今国会における共謀罪をめぐる政局騒乱は、自民党の支持率を大きく下げる要因となったが、同時に日本人の正義感がどの辺りにあるのか、というのを明確にした出来事であった。

アメリカでは共謀の事をConsipiracyと言う。これは日本語だと共謀と訳される他に、「陰謀」という意味もあり、実際アメリカでも二つの意味がある。後者はうさんくさい文脈で語られるが、前者の「共謀」は、アメリカでは許すべからざる犯罪の一つだ。

アメリカでは永く国内麻薬戦争の状態にある。麻薬との闘いのために強力な武器の一つが共謀罪である。武器とは言っても完璧ではないので、トランプがメキシコとの国境に壁をつくると言っている。だが、壁を作ったとしても共謀罪は残る。麻薬に関する共謀は、それだけで悪とするのがアメリカの正義だからだ。

マフィアが麻薬工場を建設する事を共謀し、実際に土地を購入したとする。アメリカ人の感覚では、それ自体が犯罪であり、実際に共謀罪に該当し、法に触れるケースである。

一方で日本の正義感はどうだろう。同じく暴力団員が麻薬工場を建設する事を共謀し、合法的にその準備を進めたとする。この場合、まだ麻薬を製造していない段階では犯罪とすべきではない、逮捕すべきではない、というのが日本人の正義感、より正確に言うと、共謀罪に反対していた人達の正義感である。

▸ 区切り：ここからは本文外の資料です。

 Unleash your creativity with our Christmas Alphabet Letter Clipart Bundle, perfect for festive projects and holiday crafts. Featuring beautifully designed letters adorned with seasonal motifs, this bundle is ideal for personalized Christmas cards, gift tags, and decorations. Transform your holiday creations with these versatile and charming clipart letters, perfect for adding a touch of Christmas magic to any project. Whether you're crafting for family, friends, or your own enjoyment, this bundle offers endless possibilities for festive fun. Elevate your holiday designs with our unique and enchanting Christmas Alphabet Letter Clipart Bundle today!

「善人なおもって往生を遂ぐ、いわんや悪人をや。」という伝えの影響だろうか。あるいは性善説を誇りに思う心情の影響だろうか。懲罰より更生を重視する思想なのか、とにかく今回の共謀罪を巡る騒動では、日本人の正義感というものの特徴が見えたと言える。

アメリカでは嘘ですら共謀罪の対象となる。日本の左翼の表現を借りれば、「アメリカ政府に嘘をつく相談をしただけで逮捕される」のだ。もちろん、これはテロ等準備罪に反対していた左翼の言い方を真似た極論であり、「居酒屋で冗談で言っただけで」逮捕されるという低レベルの法律ではない。連邦法第371条では、連邦政府に対する詐欺の共謀が犯罪となる。

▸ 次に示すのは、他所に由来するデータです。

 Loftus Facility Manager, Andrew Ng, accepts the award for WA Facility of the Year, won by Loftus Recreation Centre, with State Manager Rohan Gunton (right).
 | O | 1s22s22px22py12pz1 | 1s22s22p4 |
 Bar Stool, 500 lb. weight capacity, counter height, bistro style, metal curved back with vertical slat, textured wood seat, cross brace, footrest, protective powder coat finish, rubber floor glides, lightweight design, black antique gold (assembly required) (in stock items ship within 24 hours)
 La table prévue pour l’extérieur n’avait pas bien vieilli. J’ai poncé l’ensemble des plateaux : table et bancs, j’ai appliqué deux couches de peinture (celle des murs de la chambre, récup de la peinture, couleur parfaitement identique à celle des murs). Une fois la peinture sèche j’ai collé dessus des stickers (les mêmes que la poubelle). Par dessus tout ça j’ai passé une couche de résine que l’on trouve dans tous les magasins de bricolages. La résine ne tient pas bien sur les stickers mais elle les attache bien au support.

Volkswagenの燃費不正では今年1月に幹部が逮捕されたが、その罪状は共謀罪であった。他に5人の元幹部も共謀罪で起訴されている。

アメリカでは日本人もConspiracyで逮捕されているケースがある。主として独占禁止法違反などの経済犯である。

アメリカの共謀罪はちょっと過激するぎるかもしれないが、彼等から見れば日本の対応は甘すぎるであろう。例えば、今回の法整備では、賄賂が共謀罪の対象となっていない。欧米人は、日本の企業は不正なやり方で儲けていると思っている。最低でもヨーロッパ並の厳しさにはしておく必要があるだろう。

また、テロに対する正義感を見れば、日米の違いは明白であろう。

北朝鮮の核実験に憤慨し、朝鮮学校を襲撃する計画を立てたとする。お前は一階、俺は二階、などだ。もちろん酒の席でつい興奮して計画したというレベルのものではない。共謀罪に反対する日本人の正義感としては、その程度の事で犯罪扱いにしてはいけない、という事であろう。もちろん監視対象にもすべきではないというのが彼等の正義だ。しかしこの場合は最低でも監視対象にはすべきであろう。

日本以外の国の正義感は違う。既に多くのテロが共謀段階で阻止されている。日本がわずかでも国際標準に近付いたという点で、今回のテロ等準備罪はある程度は評価できる。

なお、善人の正義感だけではなく、悪人の感覚も日本は異なる。暴力団が任侠と言われるように、日本の文化は国際感覚からは、ずれている。したがって、日本から在日朝鮮人、中国人を追い出し、外国人の流入を阻止して純粋な日本人だけの国土にすれば、共謀罪も不要となるだろう。